MS TUCKER (12.38 am): If one is to judge this budget on its figures alone, the Environment and Land program fares quite well. An overall increase of some 7 per cent looks good in a budget where nearly everything else is faced with big cuts, but where is the money going? Most of the increased funding goes to support land development, not the environment. This is at a time when house prices are at their lowest point for years and there is an excess of office space. Why is there a need to increase an area of government which, it would appear, will have less, not more, to do in the coming year? Perhaps the Government is expecting Adam Smith's invisible hand to emerge from the grave and push the housing industry along a bit.

In contrast to land development, the pressures on the environment are not decreasing, but funding is.
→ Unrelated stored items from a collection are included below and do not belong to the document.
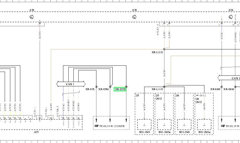 А73.Х4.12/7: XR-E5H (место спайки проводов внешнего оборудования 5, CAN-H)
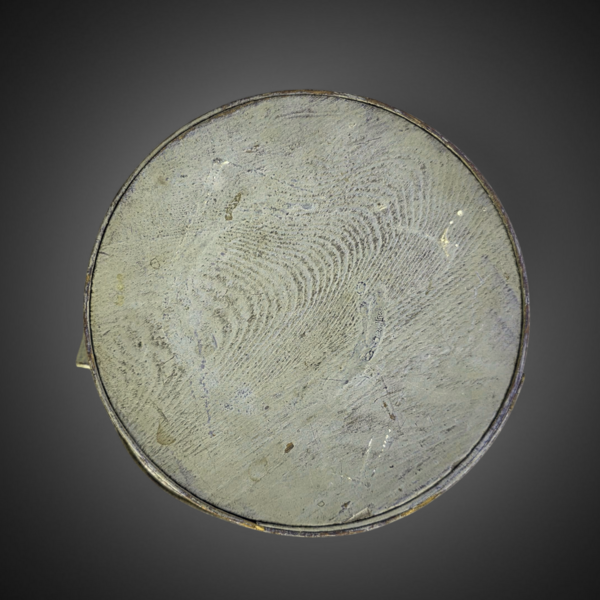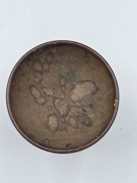 A nice small size 19th c. table top match homder in original brown paint. Made of pine wood and lathe turned. Excellent condition and surface. 2 5/8"T.
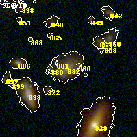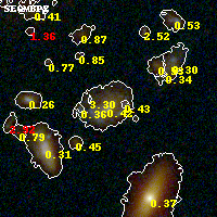 Black segments are analyzed here. Roll mouse over color images to view segments. Best viewed in a wide browser window (1200 pixels or more). Download SED & P(z) plots to view larger versions.
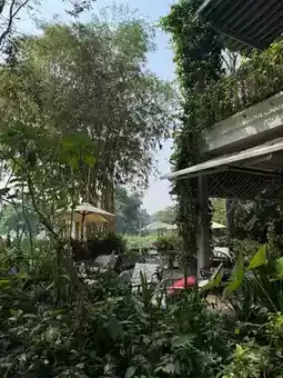 A chill cafe for all ages. Whether you're looking for a place to relax, chat, eat, or have a dessert, or just have a casual meeting or work meeting, this cafe is the answer. It offers a natural and cooling atmosphere, located right next to the Kok River in the heart of Chiang Rai. Just turn on your GPS and drive there. It might be a bit confusing, as I've tried it, but it's a different experience on a rainy day. However, I don't recommend coming here with a lot of people, as you can't sit outside when it's raining, and the space inside is quite limited.
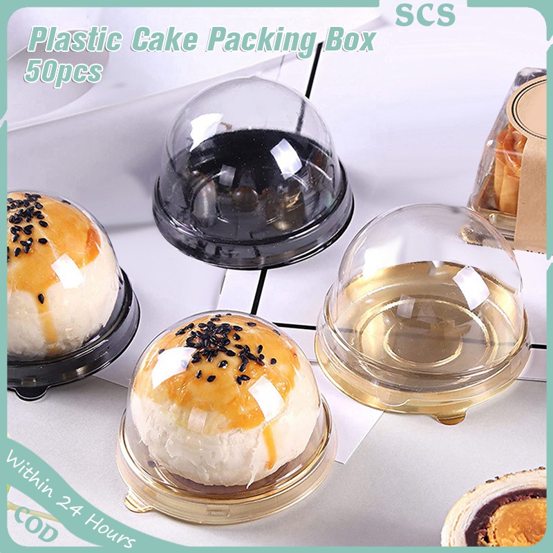 50pcs Clear Plastic Cake Packing Boxes Round Cupcake Holders Egg-Yolk Puff Mooncake Packing Box
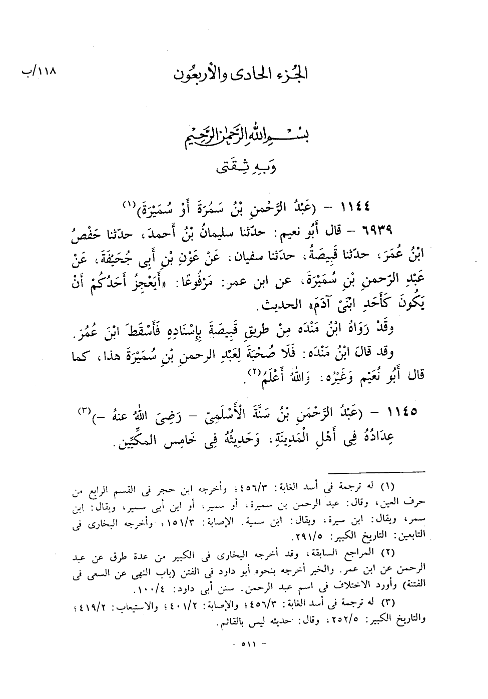 (¬1) له ترجمة فى أسد الغابة: 3/456؛ وأخرجه ابن حجر فى القسم الرابع من حرف العين، وقال: عبد الرحمن بن سميرة، أو سمير، أو ابن أبى سمير، ويقال: ابن سمر، ويقال: ابن سيرة، ويقال: ابن سمية. الإصابة: 3/151؛ وأخرجه البخارى فى التابعين: التاريخ الكبير: 5/291.

More people are visiting our national parks and impacting on them. Weeds are becoming more and more of a problem, and siltation continues to be a major issue in the Ginninderra Creek water catchment from Gungahlin development. While on the one hand it is good to see that the Government is adding 100 hectares of primary native grasslands to the ACT's reserve system, it is disappointing that the increased responsibility and workload of the conservation and land staff is not reflected in increased resources available to them. Where, too, is there any commitment to protect all our ecosystems in Canberra?
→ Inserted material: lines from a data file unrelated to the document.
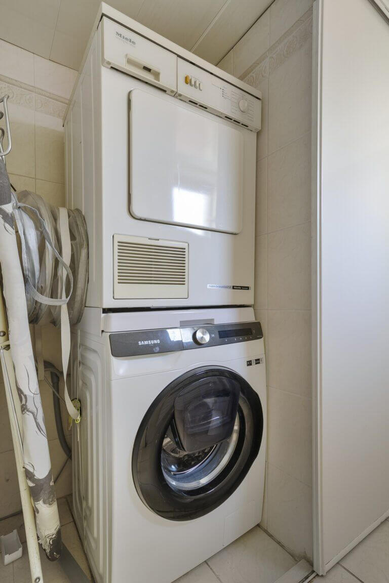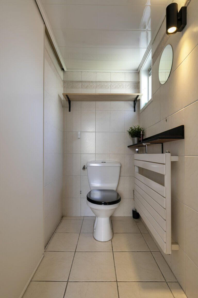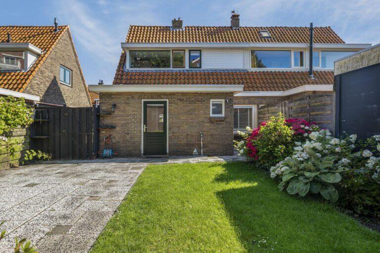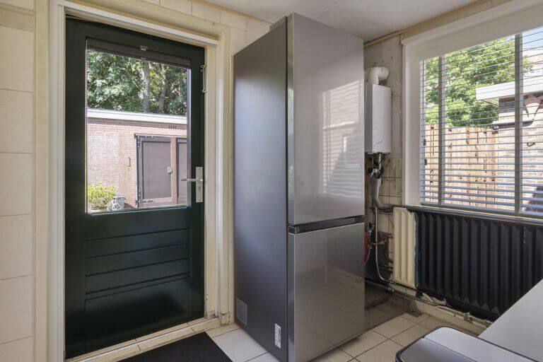 Vanuit de keuken komt u in de handige bijkeuken met toegang tot de wasruimte met de opstelling voor de wasmachine en droger en de toegang tot het toilet op de begane grond. Via de tuindeur is de achtertuin bereikbaar.
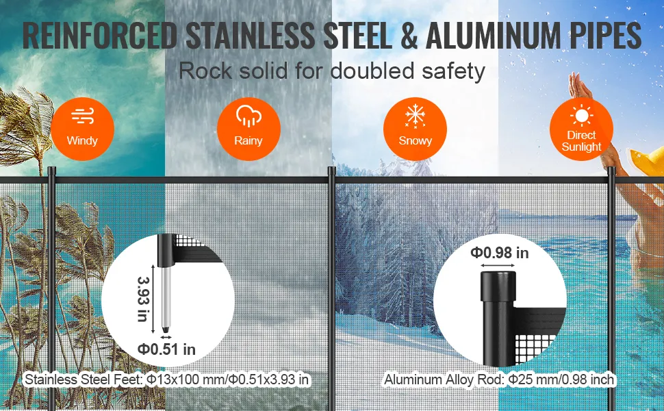 Durable Frame Material: Crafted with premium stainless steel legs and aluminum pipes, our pool safety fence boasts a robust and long-lasting frame, resistant to corrosion and wear. Even on windy and rainy days, it ensures your pool's safety.
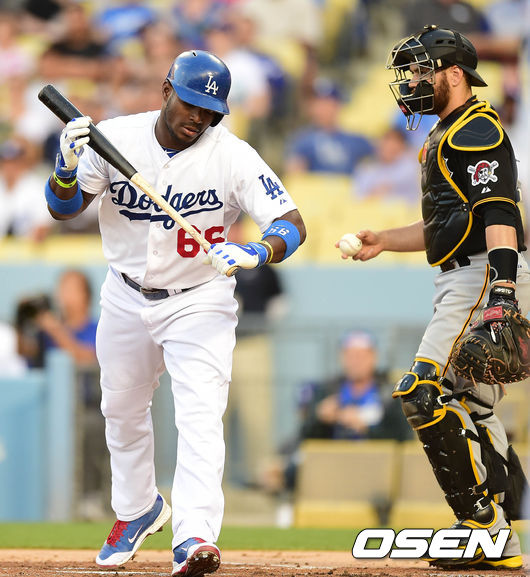 31일(이하 한국시간) 미국 캘리포니아주 로스앤젤레스 다저스타디움에서 열린 '2014 메이저리그' LA 다저스와 피츠버그 파이어리츠의 경기 1회말 1사 2루 푸이그가 삼진을 당하고 있다.
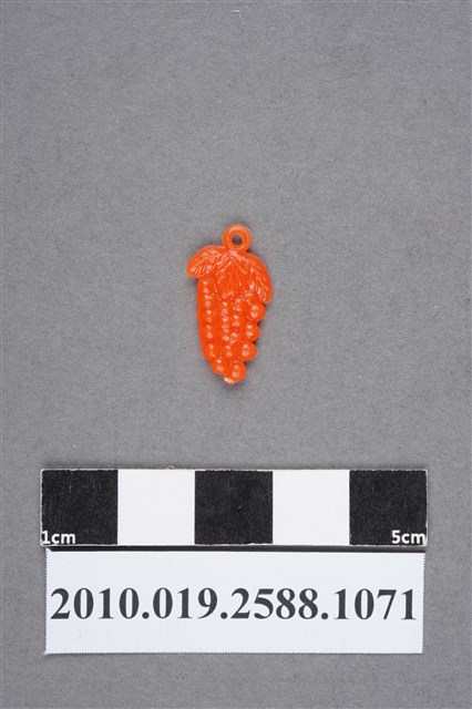 1.本物件為葡萄尪仔仙。硬質塑膠材質,扁平,單一不透明橘紅色,雙面浮雕圖案,兩面圖案相同。圖案為1串葡萄,有3片葉子披在果實上,果實粒粒分明。有小吊環。2.尪仔仙尺寸大致可分成小、中、大型,小型約長2-5公分,中型約長8-15公分,顏色以單色為主。有些大型的則可長達30公分左右,以菩薩、神仙和民間傳說故事人物等造型為主,塗上金銀紅黃彩漆等亮色。1960、70年代的尪仔仙多以民間傳說故事、歌仔戲、布袋戲人物為造型。1980年代改以卡通、電玩、漫畫人物造型為主。常見玩法之一為兩人(或多人)各持一只尪仔仙,輪流用手指彈射,看誰的尪仔仙先疊在對方上面,便可贏得對方用來對戰或是約定的尪仔仙。

While 100 hectares of native grasslands is good, there are other areas of grasslands, and also woodlands, wetlands and roadside reserves, that need to be permanently protected and resourced to be properly managed. Is the Government relying entirely on the community to take up the slack? It does appear that way in the budget papers, which proudly state that there will be an expected doubling of the number of water-watch groups and an increased participation in Landcare groups as well. Great, but there is less Federal funding available this year and hardly any change to the resources provided by the ACT Government.
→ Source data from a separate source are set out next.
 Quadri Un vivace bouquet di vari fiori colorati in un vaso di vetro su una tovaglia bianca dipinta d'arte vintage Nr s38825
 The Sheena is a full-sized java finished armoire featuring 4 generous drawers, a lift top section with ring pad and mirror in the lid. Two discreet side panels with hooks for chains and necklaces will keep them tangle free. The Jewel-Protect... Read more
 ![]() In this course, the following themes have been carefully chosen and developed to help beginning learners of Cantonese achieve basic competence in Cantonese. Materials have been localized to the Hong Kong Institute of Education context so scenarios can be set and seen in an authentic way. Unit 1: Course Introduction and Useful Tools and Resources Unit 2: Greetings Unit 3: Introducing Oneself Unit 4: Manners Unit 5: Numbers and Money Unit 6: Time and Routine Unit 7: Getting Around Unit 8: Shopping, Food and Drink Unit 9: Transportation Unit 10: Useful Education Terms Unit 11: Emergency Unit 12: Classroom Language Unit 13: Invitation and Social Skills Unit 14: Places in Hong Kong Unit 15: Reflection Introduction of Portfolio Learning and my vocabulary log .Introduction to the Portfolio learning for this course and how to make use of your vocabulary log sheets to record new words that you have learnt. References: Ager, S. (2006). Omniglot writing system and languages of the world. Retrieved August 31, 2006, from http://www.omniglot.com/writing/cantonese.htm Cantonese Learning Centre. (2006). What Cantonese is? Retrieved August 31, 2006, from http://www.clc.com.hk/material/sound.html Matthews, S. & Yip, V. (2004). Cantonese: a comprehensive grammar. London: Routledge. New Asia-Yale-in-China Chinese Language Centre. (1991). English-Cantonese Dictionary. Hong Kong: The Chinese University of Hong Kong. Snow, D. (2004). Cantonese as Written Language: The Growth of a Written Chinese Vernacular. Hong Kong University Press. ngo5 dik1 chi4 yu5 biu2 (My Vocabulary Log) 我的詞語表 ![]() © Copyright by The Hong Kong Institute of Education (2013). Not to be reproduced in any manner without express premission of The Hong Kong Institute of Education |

I have said before that the needs of the Landcare groups are fairly basic. They are performing a task of caring for our environment, which is desperately needed, where the Government does not have the resources to do it alone. The continued success of the Landcare movement is dependent on government support. A government's commitment to the environment is not restricted to the environment budget alone. At the back of this year's ACT State of the Environment Report there is a very useful table - Appendix 2, for those who may be interested - which clearly illustrates that virtually every administrative unit of the Government has some environment-related activities.

It would be pleasing if the performance indicators in next year's budget showed environmental indicators for every unit, not just Environment and Land. There is very little that Environment and Land can achieve on its own to reduce greenhouse gas emissions. It is also clear that tourism development has a real impact on our environment. So do building standards, energy and water policies, and decisions on what types of businesses it may be appropriate to promote in the ACT. In the budget papers we find the following interesting facts: At its current level of patronage, ACTION saves 68,000 tonnes of carbon dioxide, 2,645 tonnes of carbon monoxide and 549 tonnes of nitrous oxide emissions each year.